2. What tools are available? List every tool by name, describe its inputs/outputs, and state what happens when it errors. Underspecified tools lead to agents that handle errors poorly.
3. What is the stopping condition? When does the agent stop looping? Maximum steps? User confirmation? A confidence threshold? Without a stopping condition, agents loop indefinitely on ambiguous tasks.
4. What can the agent NOT do? Negative constraints matter more than positive ones.

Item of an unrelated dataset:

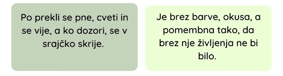 - Je brez barve, okusa, a pomembna tako, da brez nje življenja ne bi bilo. (voda)

Can the agent send emails on the user's behalf without confirmation? Can it modify records? Can it spend money (API calls with per-use fees)? Specify the guardrails explicitly.
5. What does failure look like and what does the user see? Agent failure is not binary — it may be partial success, a stuck loop, or a confident wrong answer. Design the failure UX before you design the success UX.
6. How is it observed? What do you instrument to understand whether the agent is performing well? Every tool call should be logged with timing, inputs, outputs, and success/failure. Every agent session should have a trace you can inspect.
A production agent without a full trace — goal, every tool call with inputs and outputs, every LLM call with token counts, total cost and wall time — is a black box that costs money and produces outputs you cannot explain. Require the trace in the spec.
Observability in agentic systems
A production agent without observability is a black box that costs money and produces outputs you can't explain. Observability is not optional.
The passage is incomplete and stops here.